▶ **Exercise aim**
From the line with "落ち感ロングベロアスカートで細見えしつつ、" to the line with "清(公元1644—1911年", output every line below exactly, both ends included. Skip the pictures.

▶ **Working data**
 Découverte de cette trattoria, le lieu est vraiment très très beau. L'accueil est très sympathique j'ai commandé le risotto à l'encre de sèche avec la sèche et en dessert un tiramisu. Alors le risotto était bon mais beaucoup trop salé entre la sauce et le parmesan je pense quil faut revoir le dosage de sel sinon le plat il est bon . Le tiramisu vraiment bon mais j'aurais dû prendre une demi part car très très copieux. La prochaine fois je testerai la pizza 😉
---
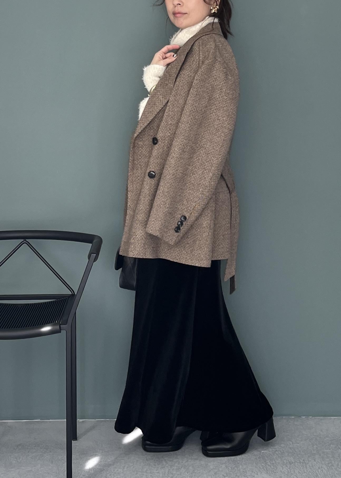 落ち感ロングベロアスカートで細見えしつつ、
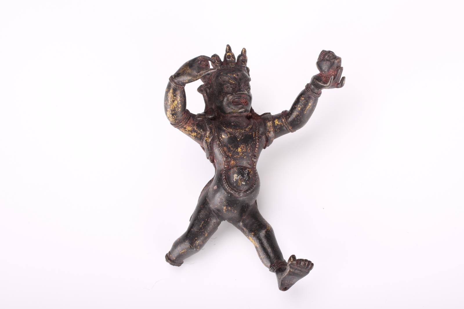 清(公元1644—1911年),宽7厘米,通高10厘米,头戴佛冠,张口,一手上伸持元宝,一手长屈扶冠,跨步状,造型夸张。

▶ **Output for this exercise**
 落ち感ロングベロアスカートで細見えしつつ、
 清(公元1644—1911年),宽7厘米,通高10厘米,头戴佛冠,张口,一手上伸持元宝,一手长屈扶冠,跨步状,造型夸张。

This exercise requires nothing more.